A few years later, while playing an American Hockey League game in Hershey, he was rendered unconscious again.
“I went to hit a guy — had him lined up, and I was going to smoke him — and he was up against the boards and ducked down,” Bourque said. “I hit my head on the corner of the dasher.
“I don’t remember any of this, but I started convulsing on the ice. Like an epileptic seizure. The next thing I know, I woke up in the Hershey Medical Center.”
Bourque said he has not sought medical advice for his memory issues, although he might in the future.
“I’m probably like most people,” he said. “I’ll wait a year. After a year, if it continues, I probably should talk to somebody. But I’m stubborn, like everybody else.
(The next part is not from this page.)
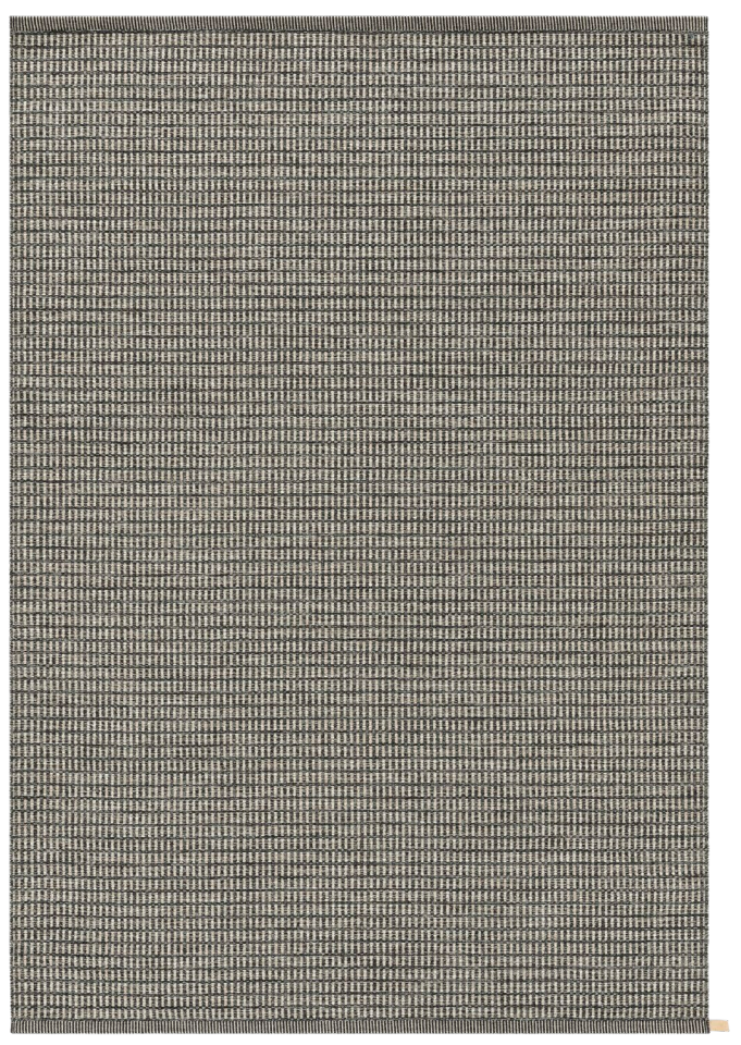
Rug 170x240 cm, Grey Stone 589

It probably will take a lot for me to do that. … But it’s definitely a concern.”
So far, he said, his children — he has a daughter, Madison, who is 11 and a son, Dylan, who is 9 — do not appear to notice when his memory betrays him.
“They’re still young, so they’re not quite paying attention to stuff like that,” Bourque said. “And I probably don’t let it happen in front of them.
“I probably cover it up quicker in front of them, because I don’t want them to think their dad is losing his marbles or anything.”